# Unknown Supplier Discovery Workflow

> Step 1: Define the search target | Step 2: Search by material (2a-2g) | Step 3: Collect and deduplicate | Step 4: The delta is the discovery | Step 5: Update the investigation | When to use this workflow

**Question pattern:** "Who else makes X?" / "Are there suppliers we're missing?" /
"Find companies in segment Y that aren't in our database."

This workflow inverts the normal investigation flow. Instead of starting with a
company name and verifying it, you start with a material or technology and search
databases that are organized by WHAT, not WHO. Every company name that comes back
gets checked against the entity files. The ones that aren't listed are the discoveries.
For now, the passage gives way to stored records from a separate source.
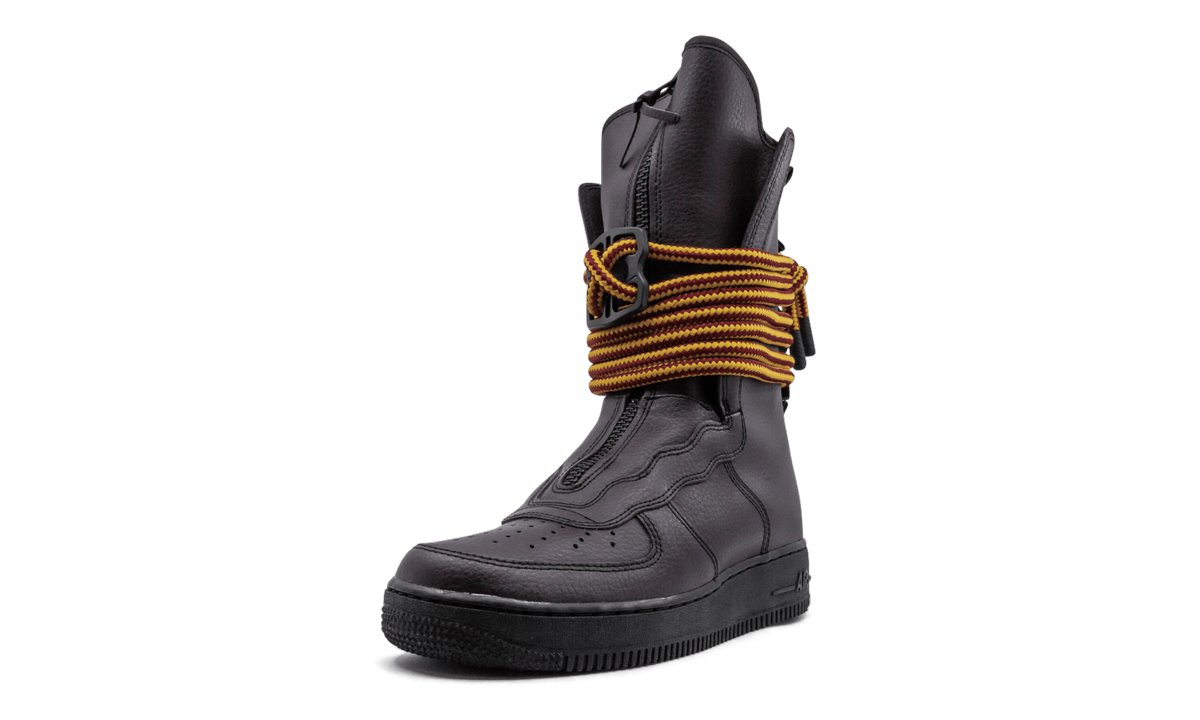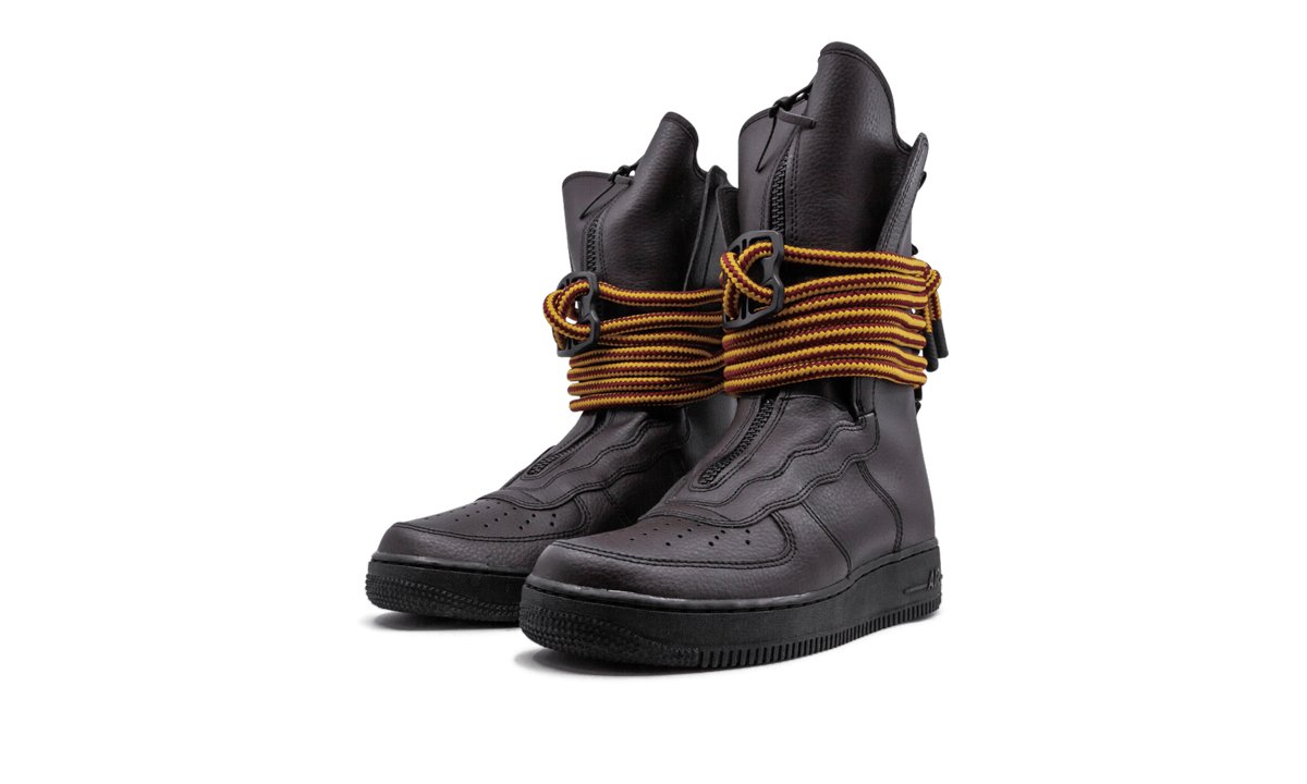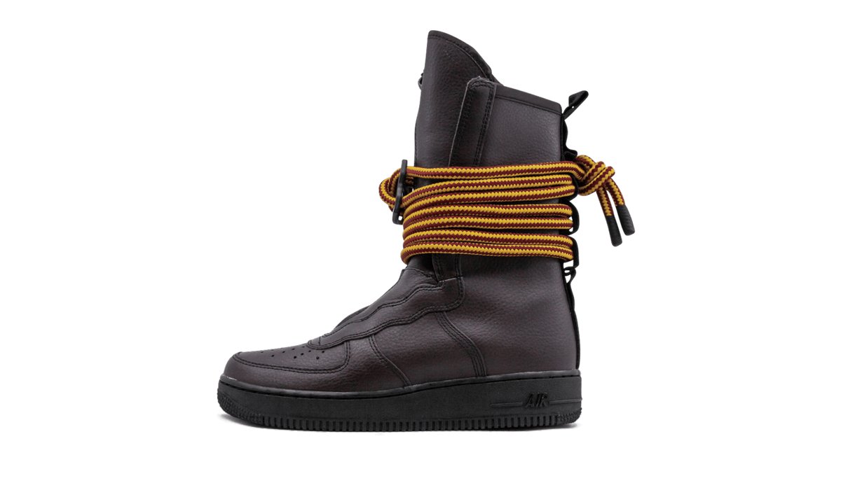 The Nike Special Field Air Force 1 High Boot, built for ultimate urban utility, is updated with premium leather material. The military-inspired sneaker boot can be worn in a variety of ways. Reflective details help the sneaker stand out and a front zipper and heel pull tab make for easy on and off. This Nike Special Field Air Force 1 High Boot comes in a sophisticated brown colorway.
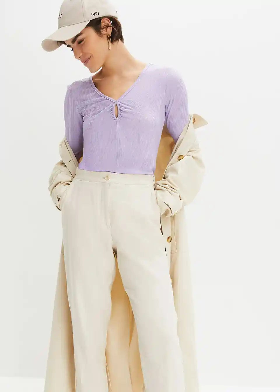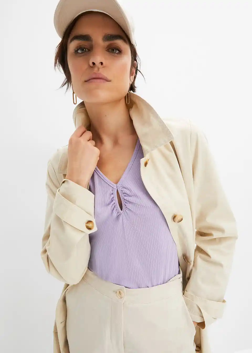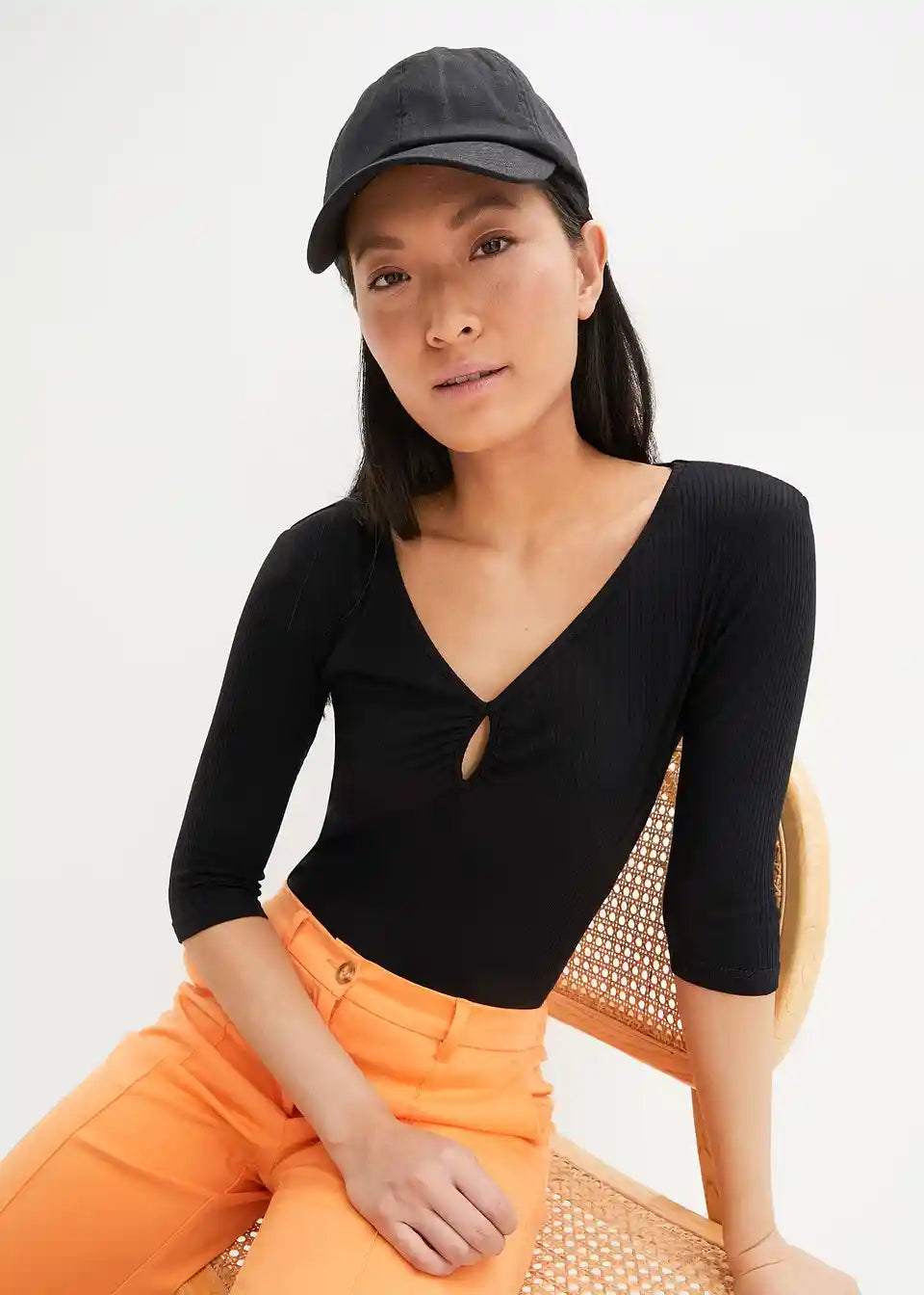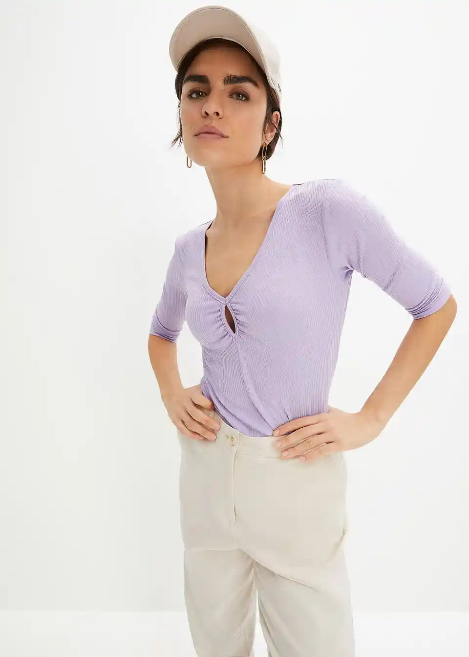 Eng anliegendes Shirt mit Ausschnitt-Detail, halbarm
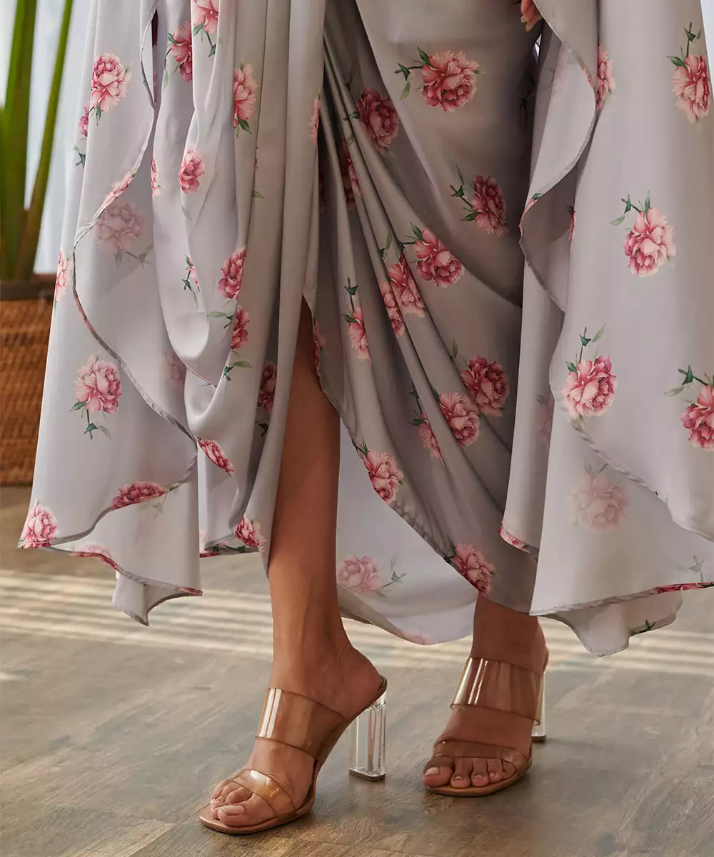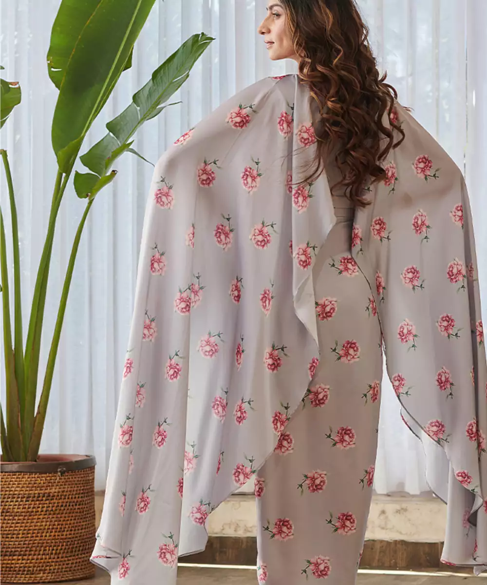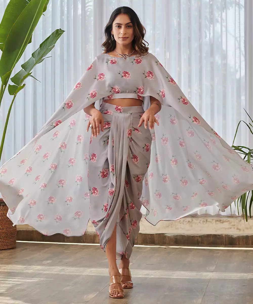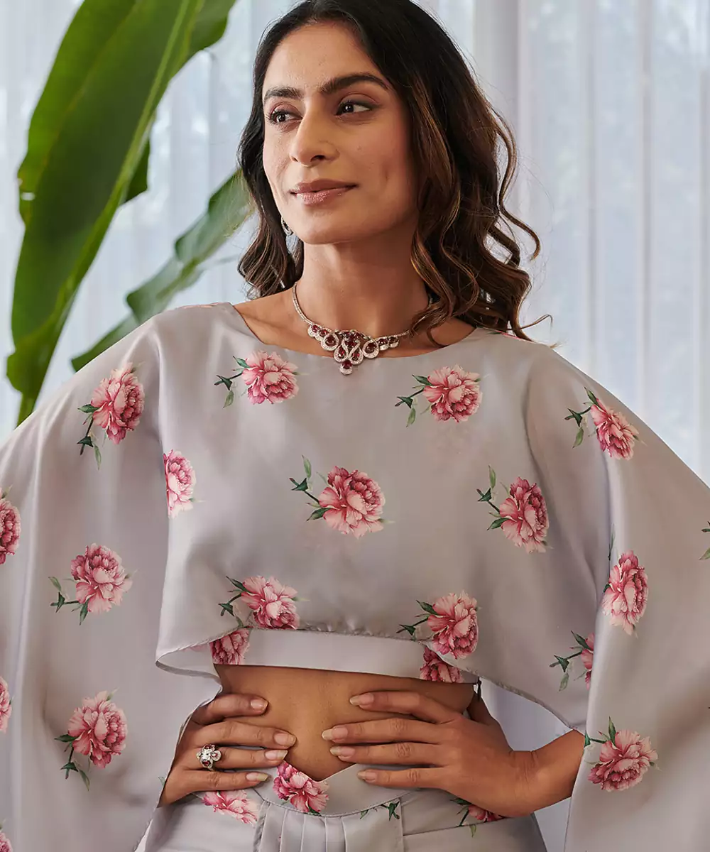 This Grey Printed Satin Fusion Co Ord Set Blends Modern Fashion With Ethnic Inspiration. The Smooth Satin Fabric Adds A Luxurious Shine While The Stylish Prints Enhance Its Contemporary Appeal. Perfect For Festive Gatherings, Celebrations, And Fashionable Events.
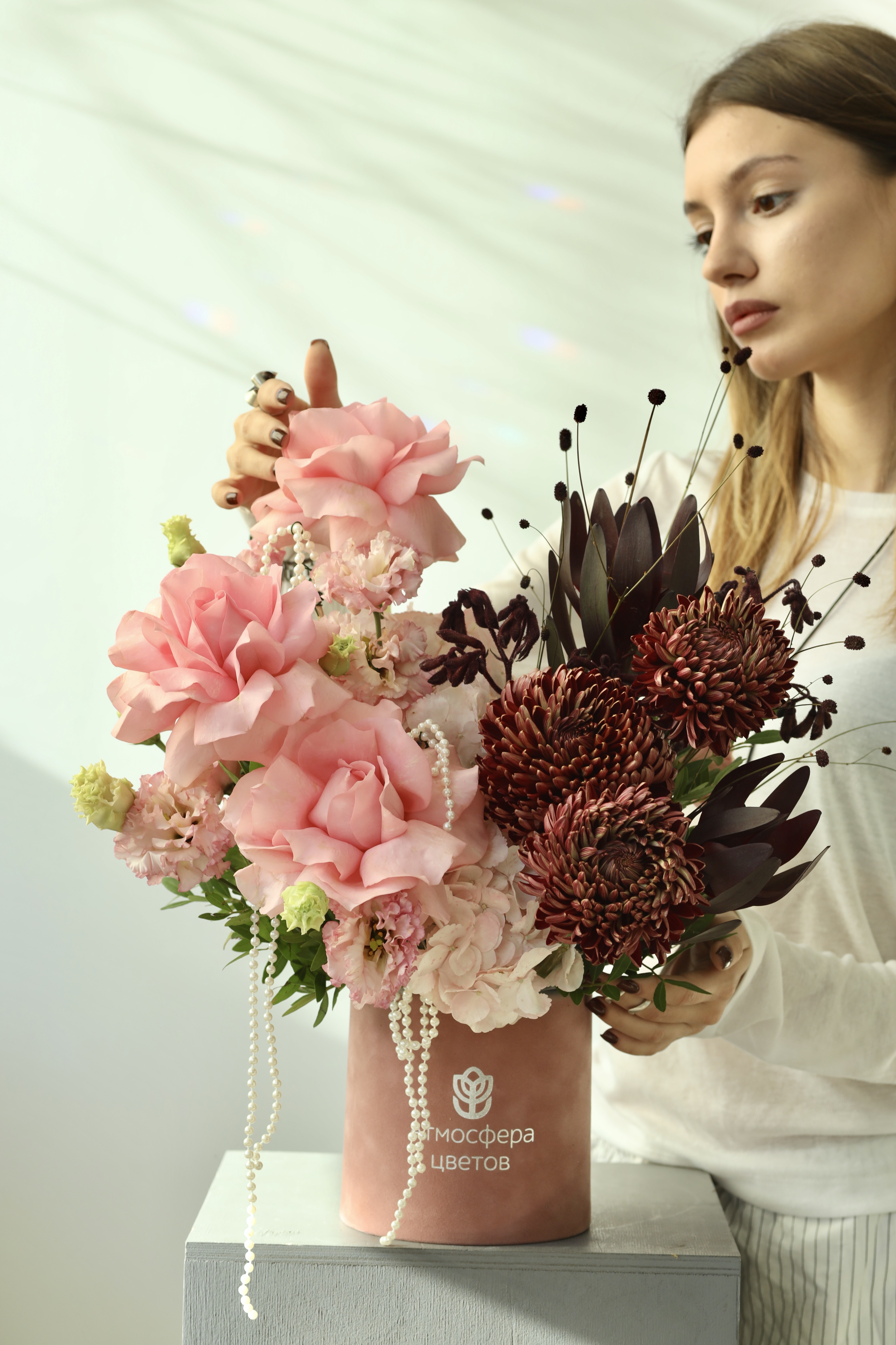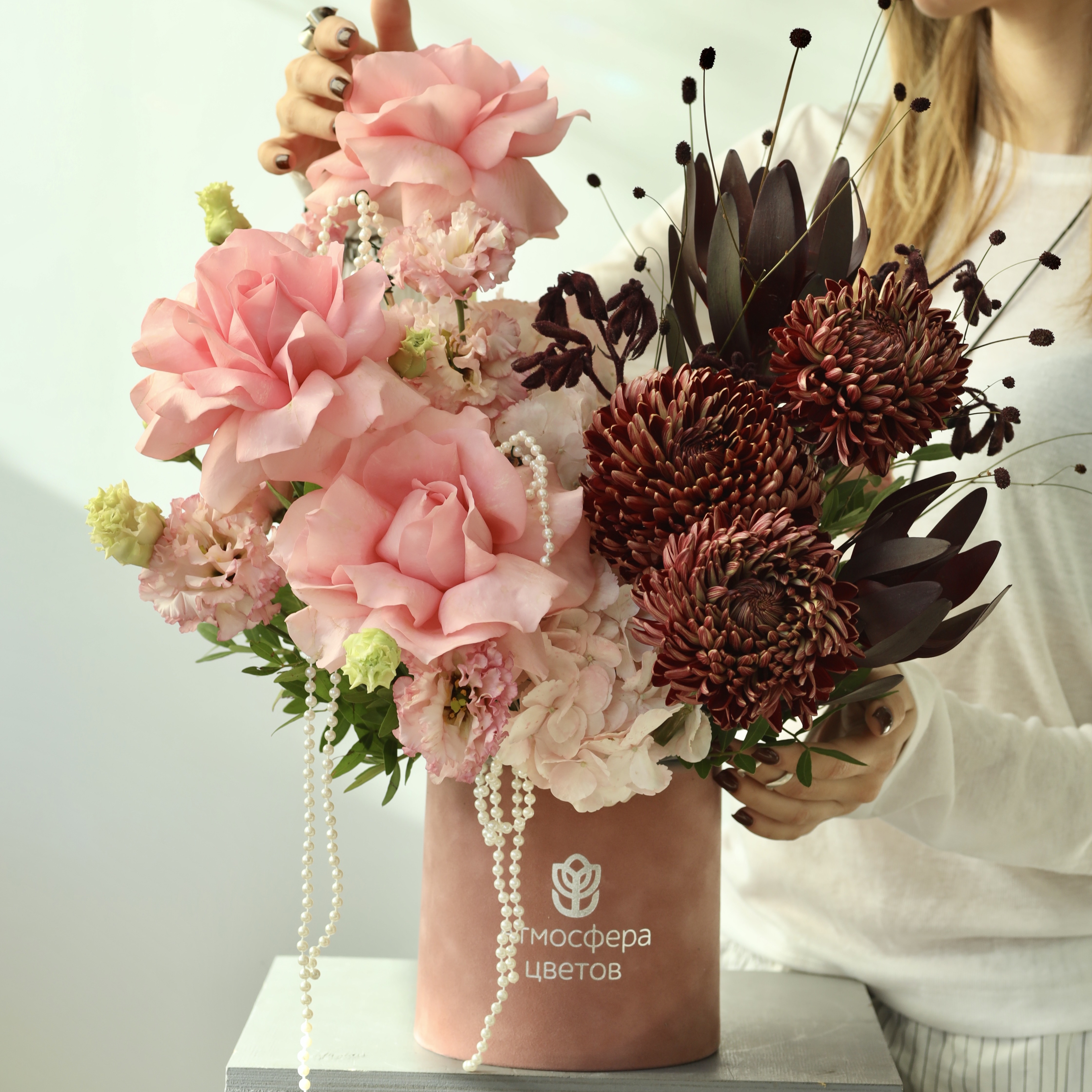 Состав композиции: Коробка шл бархат S (d14) 1, Оазис (1), Гортензия (1), ВАУ-Роза Эквадор (3), Хризантема одноголовая Бигуди (3), Леукадендрон (2), Кровохлебка (1), Агапантус (2), Эустома (2), Лента бусы декоративные (1)
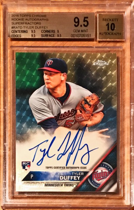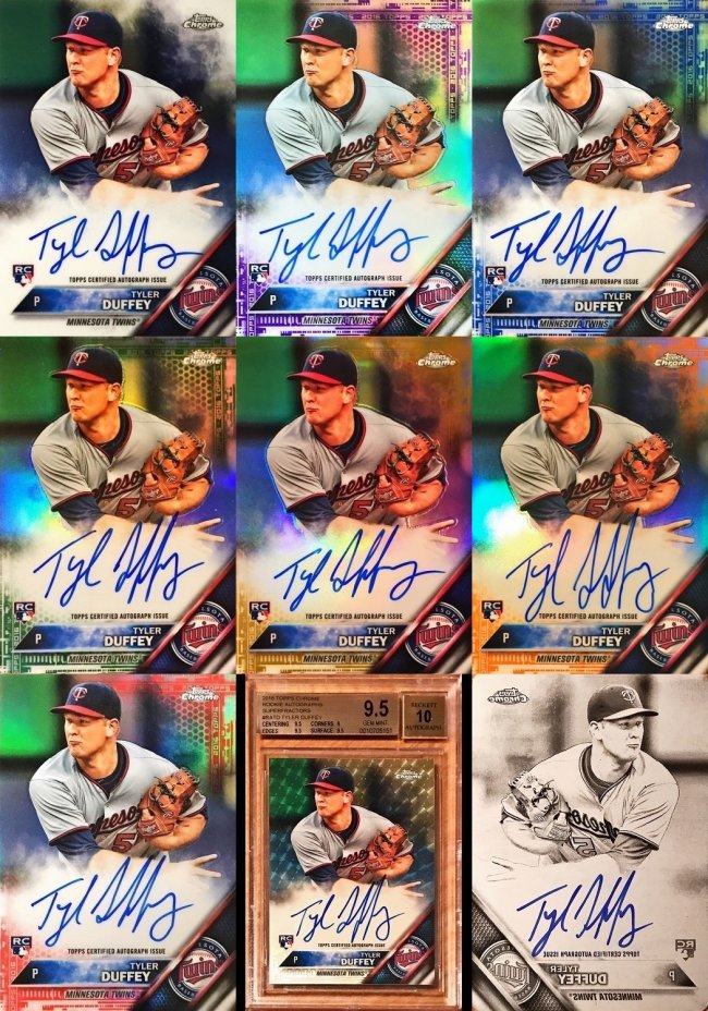 First up, happened to be browsing eBay fairly soon after this one was listed. Probably should have just hit the BIN, but I made an offer and a half hour later it was headed my way. Really difficult for scans to do this justice, this thing is sweet! 2011 Bowman Chrome Canary Anniversary Refractor 1/1 of Michael Cuddyer One 1/1 in a weekend would have been sweet, but as it turns out, this weekend brought me two! After working on the Tyler Duffey 2016 TC RC auto rainbow, I'm stoked to have added a pretty big one! Very glad I noticed it on eBay as it was just a 24-hour auction. Knew I couldn't let this one slip by. Duffey's not the greatest player out there, but I've been chasing these for several years now so it has a special place in my collection. Somehow, I haven't added a refractor auto yet, but other than that (+3 plates), this rainbow is just about wrapped up! Not a bad 2 days at all
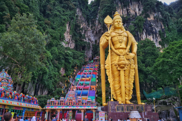 A famous limestone hill and Hindu temple complex. The 272 colourful steps lead to the main cave temple, guarded by a massive golden statue.
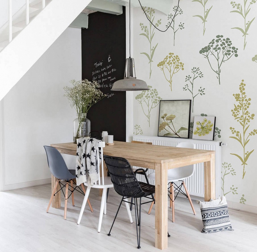 - Декоративное оформление стен. Выбирайте дерево, чтобы оформить яркие или наоборот черно-белые фотографии, необычные коряги, композиции из веточек идеально впишутся в скандинавский интерьер. Одну из стен можно сделать грифельной, чтобы каждый день рисовать новые пейзажи или абстракцию, писать напоминания или пожелания на целый день. Повесьте на стену яркие текстильные шторы, имитируя занавес окон или текстильные панели пастельных тонов. Такие дизайнерские ходы помогут выделить определенные зоны, сделать яркие акценты и немного освежить или даже осовременить квартиру или дом. Оформляя стены, не забывайте о растительном принте, который не только сейчас в моде, но и подчеркнет принадлежность скандинавского стиля к природе.

## Step 1: Define the search target

Pick the identifiers you have for the material/technology. The more you have, the
more databases you can query.

| Identifier | Example | Where to find it |
|---|---|---|
| Material name (EN) | Photoacid generator | Chemistry knowledge |
| Material name (native script) | 光酸発生剤 (JA), 광산발생제 (KR), 光酸产生剂 (CN) | Lexicon files |
| CAS number | 89452-37-9 (triphenylsulfonium triflate) | chemistry/precursor-chains.md, PubChem |
| CPC/IPC patent class | G03F 7/004 | academia/patents-guide.md, Google Patents |
| HS code | 2904, 3707 | trade/hs-codes.md |
| SEMICON product category | "Photoresist Materials" | semi.org exhibitor directory |

If you only have the material name, start there. You can discover the CAS, CPC,
and HS codes during the search.

## Step 2: Search by material, not by company

Run these searches in parallel. Each one returns company names you might not know.

### 2a. Chemical registration databases

Search by CAS number. These are registries where companies must register to
manufacture or import a chemical. The database gives you the companies.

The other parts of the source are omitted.